** Data provided follows **

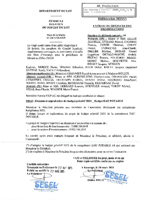 Délibération 2025-13 : examen et approbation du budget primitif 2025 _ Budget EAU POTABLE
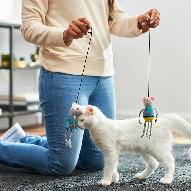 - Connected to a bouncy string so you can have some interactive fun with your cat.
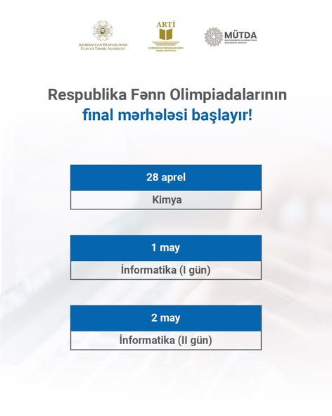 Respublika Fənn Olimpiadalarının (RFO) final mərhələsinin vaxtı açıqlanıb.

** End of Data provided **

Your task
A verbatim copy is needed of the lines running from the line with "- Connected to" to the end of the data above, both included. Keep the pictures out of it.

Exercise output
 - Connected to a bouncy string so you can have some interactive fun with your cat.
 Respublika Fənn Olimpiadalarının (RFO) final mərhələsinin vaxtı açıqlanıb.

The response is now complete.